**What you will do:**
Exclude the pictures, and otherwise reproduce the data in full.

**Data below:**

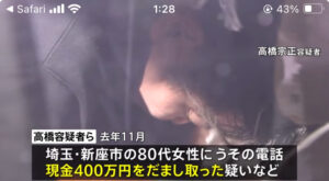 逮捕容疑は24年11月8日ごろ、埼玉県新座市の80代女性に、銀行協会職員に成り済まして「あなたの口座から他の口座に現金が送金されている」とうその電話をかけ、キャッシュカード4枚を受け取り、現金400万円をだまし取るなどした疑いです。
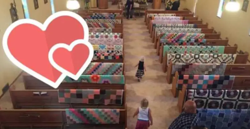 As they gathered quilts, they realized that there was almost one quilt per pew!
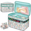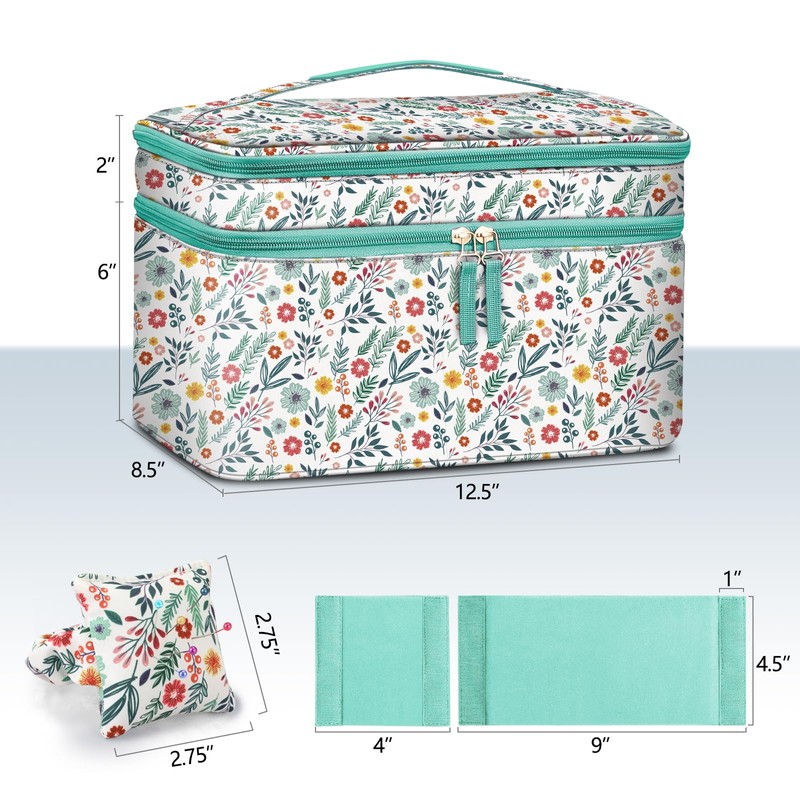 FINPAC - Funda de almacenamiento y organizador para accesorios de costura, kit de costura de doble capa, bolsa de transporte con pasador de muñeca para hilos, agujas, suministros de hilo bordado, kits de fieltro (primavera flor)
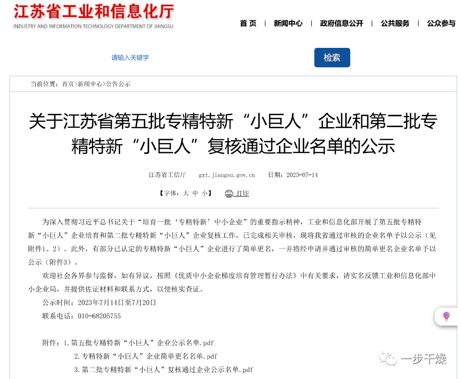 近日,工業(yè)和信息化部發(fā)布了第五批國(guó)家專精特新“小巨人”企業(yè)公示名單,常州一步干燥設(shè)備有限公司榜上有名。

**Exercise result:**
 逮捕容疑は24年11月8日ごろ、埼玉県新座市の80代女性に、銀行協会職員に成り済まして「あなたの口座から他の口座に現金が送金されている」とうその電話をかけ、キャッシュカード4枚を受け取り、現金400万円をだまし取るなどした疑いです。
 As they gathered quilts, they realized that there was almost one quilt per pew!
 FINPAC - Funda de almacenamiento y organizador para accesorios de costura, kit de costura de doble capa, bolsa de transporte con pasador de muñeca para hilos, agujas, suministros de hilo bordado, kits de fieltro (primavera flor)
 近日,工業(yè)和信息化部發(fā)布了第五批國(guó)家專精特新“小巨人”企業(yè)公示名單,常州一步干燥設(shè)備有限公司榜上有名。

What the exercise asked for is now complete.